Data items
══════════════════════════════
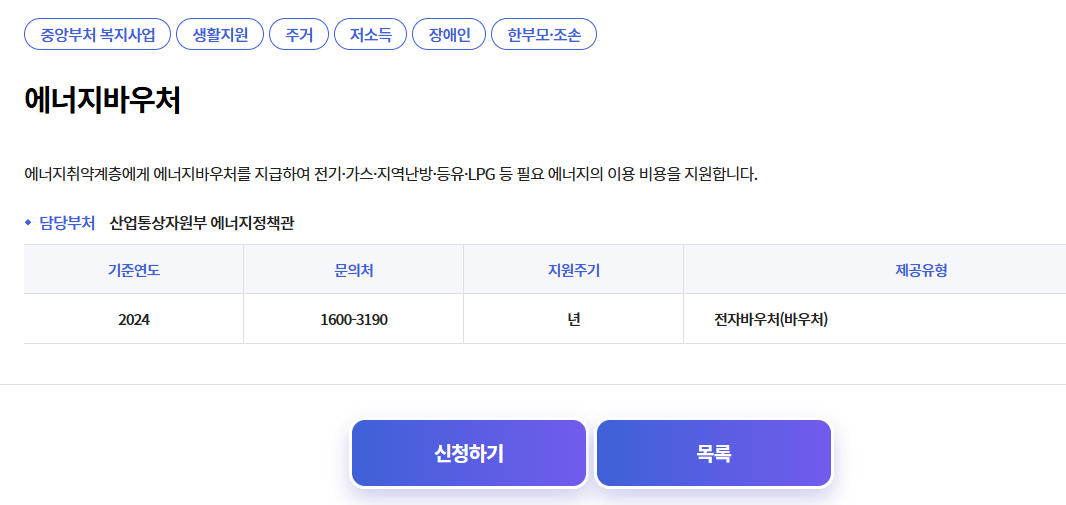 국민 기초생활 보장법에 따른 생계 의료 주거급여 수급 가구에 해당되는 분들은 에너지 바우처 신청 대상에 들어갑니다.
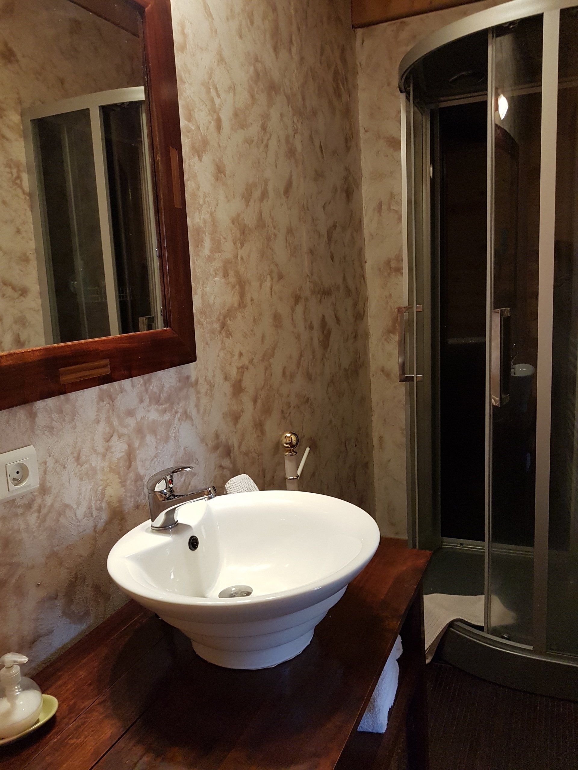 Salle de bain comprenant : cabine de douche avec jets,lavabo,wc
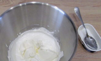 We introduceren roomkaas. Doe een of twee eetlepels roomkaas in de romige massa en klop de room tot een gladde massa. Dus voegen we de volledige hoeveelheid kaas toe.
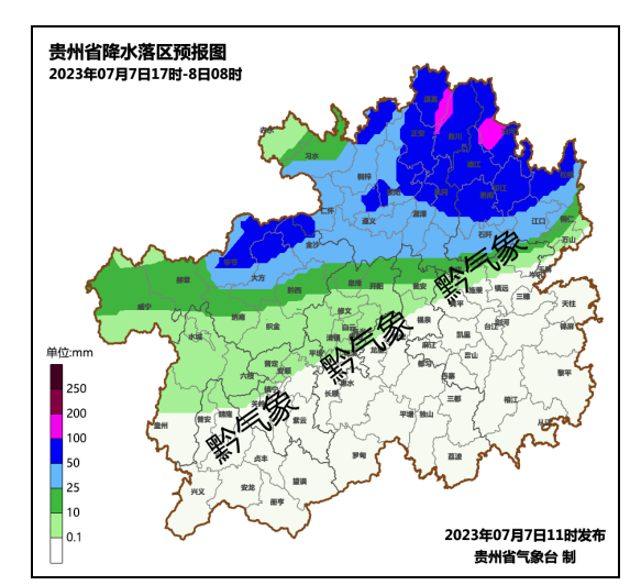 周五(7日)傍晚到夜间,省的北部地区阴天间多云有阵雨或雷雨,雨量中到大雨,毕节市东北部、遵义市东部、铜仁市中北部局地有暴雨,部分乡镇大暴雨,其余地区多云有分散阵雨或雷雨。
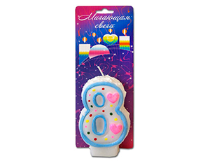 Свеча д/торта мигающая Хамелеон цифра "8"
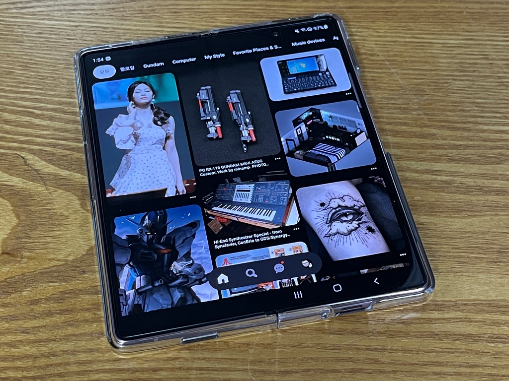 앞서 사진 앱에서도 얘기헀지만 사진은 큰 화면으로 보는 것이 다 시원시원한 느낌이 들어서 좋다. 그런 의미에서 핀터레스트 앱도 커버 디스플레이보다는 메인 디스플레이에서 보는 것이 내 경우에는 상대적으로 더 좋았다.
══════════════════════════════
## Work to complete
Reproduce, word for word, every line from the one that contains "Свеча д/торта мигающая" to the end of the data, including both ends; omit all pictures.

## Written solution
 Свеча д/торта мигающая Хамелеон цифра "8"
 앞서 사진 앱에서도 얘기헀지만 사진은 큰 화면으로 보는 것이 다 시원시원한 느낌이 들어서 좋다. 그런 의미에서 핀터레스트 앱도 커버 디스플레이보다는 메인 디스플레이에서 보는 것이 내 경우에는 상대적으로 더 좋았다.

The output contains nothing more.